--- WORK INSTRUCTIONS ---
Skip every picture and copy only the lines from the one containing "rents : l'un" to the final line of the records below.

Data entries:
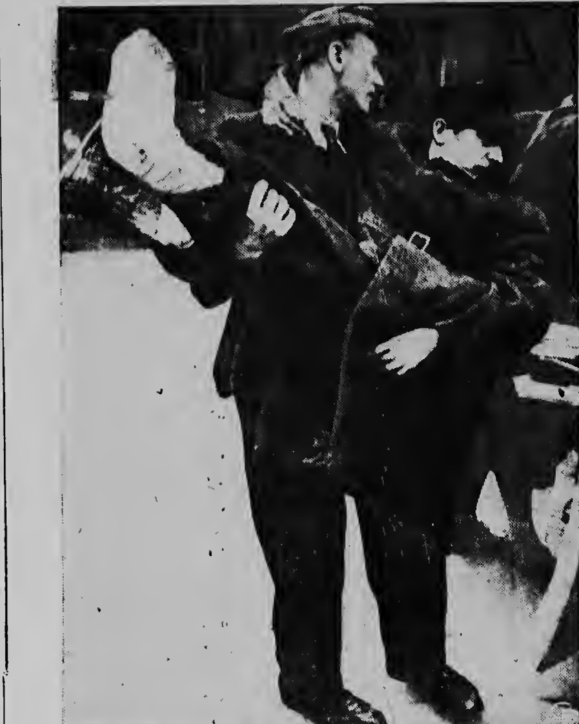
Een Duitse oorlogsgevangene, die 10 jaren in Rusland werd vast- gehouden, wordt naar een ambulance gedragen te Lichtenfels, Duits- land, waar hij aankam uit een kamp in Potma, dicht bij Moskou. Zijn voeten waren bevroren en zijn fysieke toestand was geheel ver- zwakt.

NIEUW BREIEN ZONDER NAALDEN! HFL. 12.— Sneller, veel gemakkelijker, mooier en gelijkmatiger! Met het nieuwe brel-apparaat Rota- Pin kunt U zonder enige kennis van breien het mooiste brelwerk maken. Pull overs, babykledjes, sokken, handschoenen, enz. Rond- breien, meederen, minderen, enz. Brelbreedte tot 160 steken. Bestel Uw Rota-Pin vandaag nog. Geheel compleet met geïllustreerde handleiding voor modellen en ste- ken SLECHTS 12.— Hfl. franco per zeepost. Toezending kan ge- schieden na ontvangst van Inter- nationale postwissel of cheque of onder rembours. ROTA-PIN N.V. LISA, Afd. 1 Ymuiden, Nederland
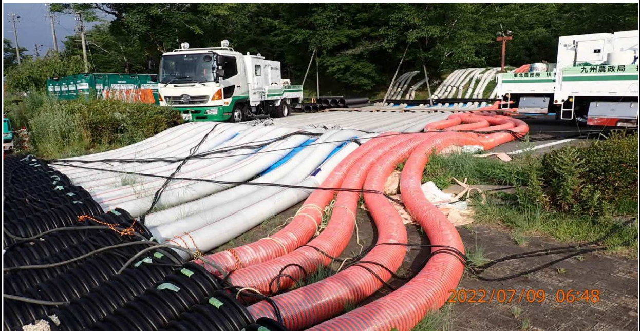
水源緑地付近の様子（3） 矢作川から明治用水へ多くのホースで汲み上げが行われている。
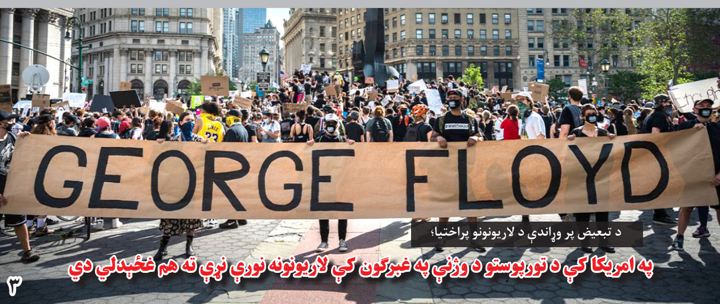
د تبعیض پر وړاندې د لاریونونو پراختیا؛

میک می گوید که هرچند وزارت داخله ۳۵ سفارش آنان را کاملاً تطبیق کرده، اما هنوز هم از نداشتن پالیسی بهترین روش برای بازسازی سیستمهای دوسیه بندی وسوابق، نبود میکانیزم مناسب برای ظرفیت سازی و نبود کنترل بر مدیریت قراردادهای و نظارت از پیشرفت در عملی شدن آنها رنج می برد. کمیته مستقل مشترک نظارت و ارزیابی مبارزه علیه فساد اداری (میک) دیروز ۱۲ جوزا، سومین گزارش نظارتی خویش پیرامون وضعیت تطبیق سفارشات مبارزه با فساد اداری را که در گزارش ارزیابی آسیب پذیریهای فساد اداری در وزارت امور داخله آورده شده است، نشر کرد. گزارش ارزیابی آسیب پذیری های فساد اداری در فروردین ۲۰۱۹ به منظور شناسایی این آسیب پذیری ها در عملکردهای مهم وزارت داخله هم چون مدیریت منابع بشری، تدارکات و لوجستیک تهیه و به نشر رسید. میک طی این گزارش ۵۶ سفارش را برای اصلاحات به این وزارت پیشنهاد نمود که تا تاریخ ۲۶ ثور ۱۳۹۹، وزارت داخله ۳۵ سفارش (۶۳ درصد) را کاملاً تطبیق نموده و ۱۰ سفارش دیگر (۱۸ درصد) را قسماً تطبیق کرده و همزمان، ۱۱ سفارش باقیمانده (۲۰ درصد) باقیمانده به چندین دلیل آشفته شده اند. یافته های عمده در وزارت داخله نشان میدهد که سیستم پرداخت معاشات کارکنان افغانستان در این وزارت در حال تطبیق شدن است، در حالی که صلاحیت تشکیل و مادلهای (طرح) استخدام این سیستم بالای همه کارمندان جدید اعمال میگردد. تا تاریخ ۱۵ می ۲۰۲۰، سوابق ۸۲۷،۱۲۲ کارمند در سیستم ادغام گردیده و واجد شرایط پرسوس معاشات می باشند.
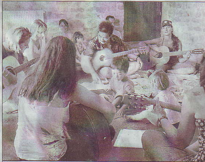
Des ateliers qui associent parents et enfants, tout un programme.

rents : l'un où l'on accompagne les comptines à la guitare, l'autre qui consiste à préparer l'arrivée de bébé, créer un lien avec lui, mieux vivre sa grossesse et préparer son accouchement.
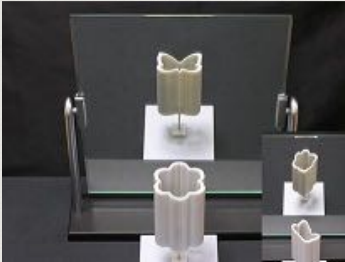
Opere di Kokichi Sugihara
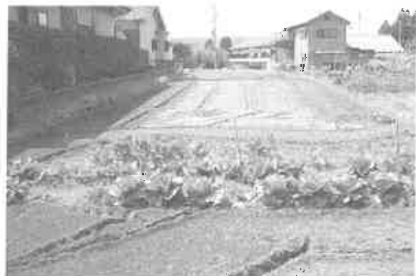
(8) 石神自治会館地点

--- WRITTEN ANSWER ---
rents : l'un où l'on accompagne les comptines à la guitare, l'autre qui consiste à préparer l'arrivée de bébé, créer un lien avec lui, mieux vivre sa grossesse et préparer son accouchement.
Opere di Kokichi Sugihara
(8) 石神自治会館地点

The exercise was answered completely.